Hassan
- Pronunciation: Arabic: [ˈħas saan, ˈħæsæn, ˈħɑsɐn, ˈħɛsæn, ħsæn]
- Gender: Male
- Language: Arabic

Origin
- Meaning: handsome, good, benefactor
- Region of origin: Arabia

Other names
- Variant form: al-Ḥasan
- Related names: Ḥassān Hussein Alassane Lassana Mohsen

= Hassan (given name) =

Arabic masculine given name

Hassan or Hasan (Ḥasan) is an Arabic masculine given name in the Muslim world.

As a surname, Hassan may be Arabic, Irish, Scottish, or Jewish (Sephardic and Mizrahic) (see Hassan as a surname).

== Etymology and spelling ==
The name Hassan in Arabic means 'handsome' or 'good', or 'benefactor'.

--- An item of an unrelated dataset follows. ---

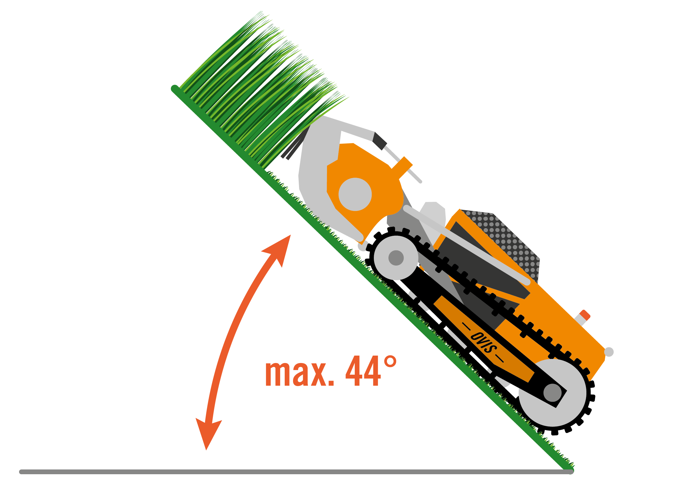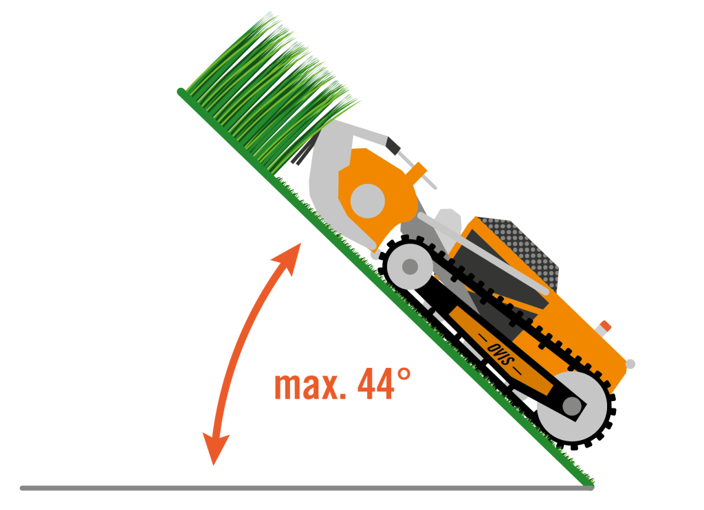Nízka prevádzková hmotnosť (iba 419 kg) a kompaktné rozmery (184 cm / 115 cm / 69 cm) umožňujú kosenie pod nízkymi prekážkami a na strmých svahoch.

There are two different Arabic names that are both romanized with the spelling "Hassan". However, they are pronounced differently, and in Arabic script spelled differently.

- The more common name حَسَن Ḥasan (as in the name of the Islamic prophet Muhammad's grandson Hasan ibn Ali), coming from the Arabic language triconsonantal root Ḥ-S-N, has two short vowels and a single //s//. Its meaning is 'the good' or 'the handsome'. Its usual form in Classical Arabic is الحسن al-Ḥasan, incorporating the definite article al-, which may be omitted in modern Arabic names.
- The name حَسَّان Ḥassān, which comes from the same Arabic root, has a long vowel and a doubled //sː//. Its meaning is 'doer of good' or 'benefactor'. It is not used with the definite article in Classical Arabic.

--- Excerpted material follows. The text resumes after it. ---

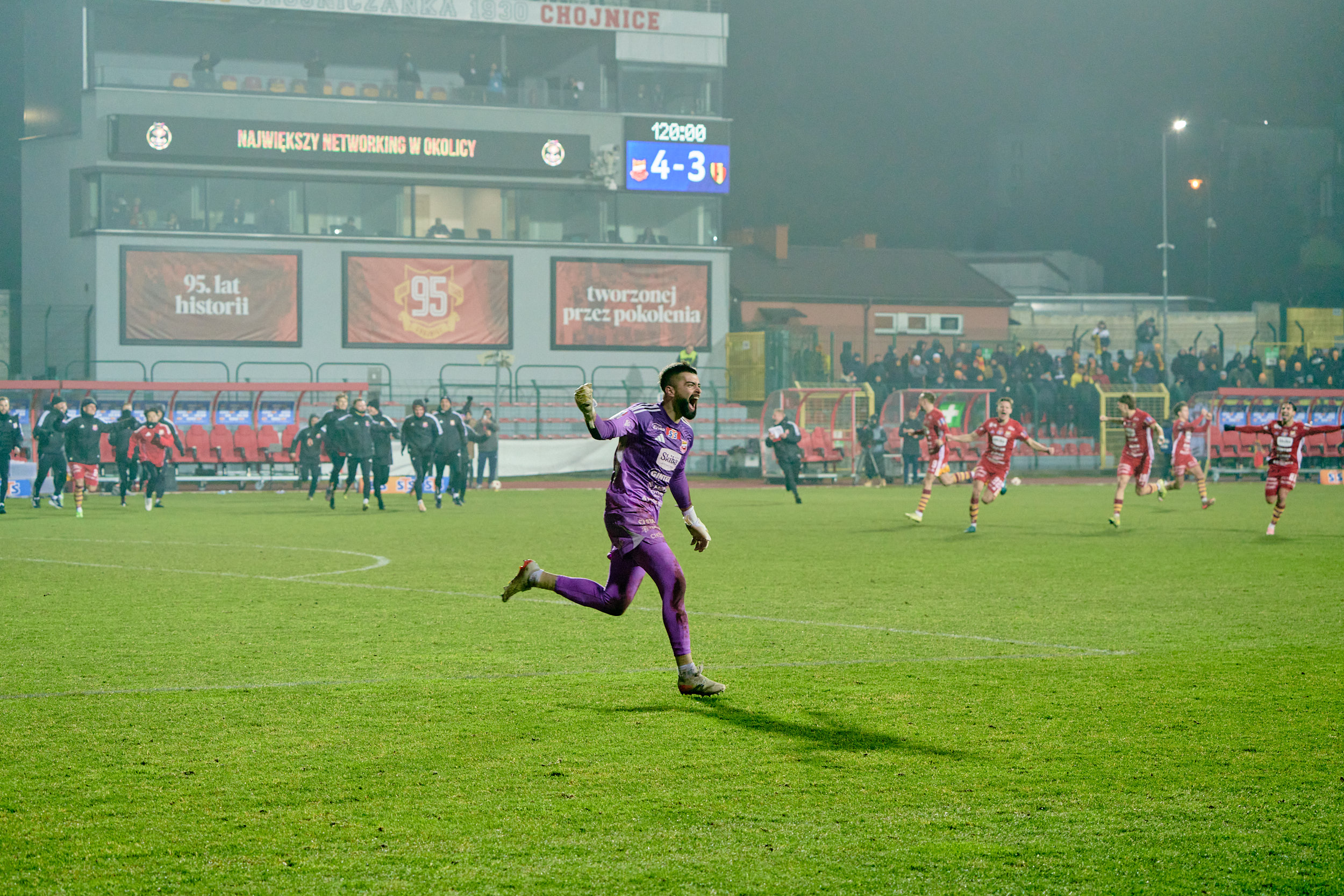 Sensacyjna wygrana Chojniczanki! Nasz drugoligowiec awansował do ćwierćfinału Pucharu Polski, wyrzucając z rozgrywek ekstraklasową Koronę Kielce. Decydujące w dzisiejszym (4.12) spotkaniu były rzuty karne, w których chojniczanie byli bezbłędni i wygrali 4:3.

In the romanized spelling Hassan, it is not possible to distinguish which of the two names is intended. The ambiguity can be removed by romanizing the former name as Hasan with a single s, and reserving the spelling Hassan with doubled s for the latter name.

King al-Ḥasan of Morocco (officially romanized as Hassan, with a double ss, due to the influence of French orthography) is an example of the former. The early Islamic poet Ḥassān ibn Thābit is an example of the latter. In the original Arabic, the two different names are easily distinguished.

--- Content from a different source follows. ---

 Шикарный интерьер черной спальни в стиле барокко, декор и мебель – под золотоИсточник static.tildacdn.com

- Depending on language and region, spelling variations
Hassan or Hasan is an Arabic given name and through the influence of Arabic, languages spoken by Muslims such as Persian, Kazakh, Kurdish, Urdu, Indonesian, Malay, Turkish, Uyghur, Turkmen, Somali, Swahili, Berber, Azerbaijani, Crimean Tatar, Tatar, Bosnian, Albanian, Bengali, etc. created their own spelling variations.

Therefore, depending on language and region, spelling variations include Hasan, Hassen, Hasson, Hassin, Hassine, Hacen, Hasen, Hesen, Hasin, Hassa, Hess, Cassin, Chazan, Chasson, Chason, Khassan, Khasan, Chessar, Casan, Casen, Hasso, Lassana, Alassane, Lacen, Lasanah, Assan, Asan, or Haasan (Haasaan, Hasaan, Hassaan).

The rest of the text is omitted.